The stone circle measures 36.4 m in diameter.
In 1905, there were 37 stones remaining in the circle. At the time there were conspicuous gaps on the northern and western sides of the ring; the stones perhaps in these areas may have been removed for use as road metal. There are ground depressions where some of these stones have been removed. In 1915 it was reported that one had been removed but that three additional stones had been found in the circle. By 1988, Martin J. F. Fowler reported that there were only 29 stones in the circle. Conversely, the following year the archaeologist Aubrey Burl reported 30 stones, of which three had fallen and 27 remained standing. Originally it may have included around 100 stones, spaced about one metre (3 feet 3 inches) apart.

The stones themselves are small: on average they measure 10 cm in height, 30 cm (one foot) in width, and 10 cm in depth. The largest protrudes about 0.5 m from the ground. Most are incomplete, and likely have been broken since the original erection of the circle. It is not known if all the stones in the circle come from the same natural rock, but a sample from one stone was examined and found to be a hard, pale grey gritstone, likely taken from the nearby Pickwell Down grits. There are conspicuous quartz veins in many of the circle's stones.

===Investigation===
The site was accidentally rediscovered in 1898 when Archibald Hamilton was riding across Withypool Heath. His horse stumbled on one of the stones, and on further investigation he located other stones within the bracken. After the bracken on the heath was burned by farmers, Hamilton returned to pay closer attention to the circle. He contacted Colonel Bramble, the Vice President of the Somerset Archaeological and Natural History Society, who put him in touch with the archaeologist Harold St George Gray.
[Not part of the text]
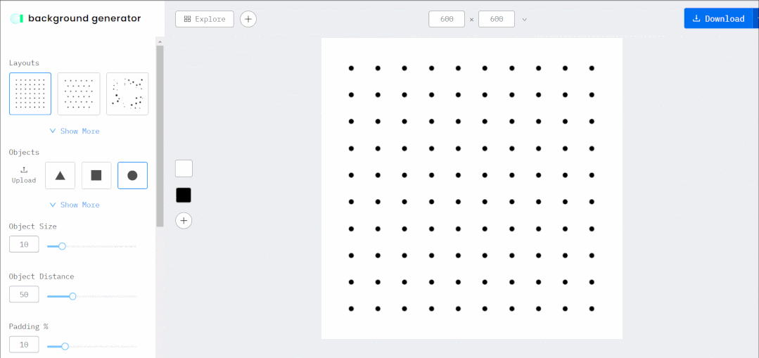 你可以发挥创意,生成丰富的精美图片背景,你也可以点击网站的 Explore 按钮,查看别人用这个网站生成的创意图片背景和对应的图片背景设置参数。

Gray accompanied Hamilton on a visit to the site in August 1905, when he made a complete survey of the ring.

Gray published his findings in a 1906 volume of the Proceedings of the Somerset Archaeological and Natural History Society, in which he drew comparisons between the site and two Cornish stone circles that he had recently surveyed, Fernacre and Stannon Stone Circle. He suggested that the circle had been the site of cremations, the cremated human remains then being buried within the nearby tumuli. In August 1915, Gray returned to the site. He noted that the circle was in largely the same condition as before, but that the ling and whortleberry bushes around the site were more stunted than they had previously been. Between 1982 and 1985, Fowler visited Withypool Stone Circle alongside other prehistoric stone monuments in Exmoor for a catalogue published in a 1988 edition of the Proceedings.

The site has been designatedas a scheduled monument since 1925, and is thus accorded legal protection under the Ancient Monuments and Archaeological Areas Act 1979.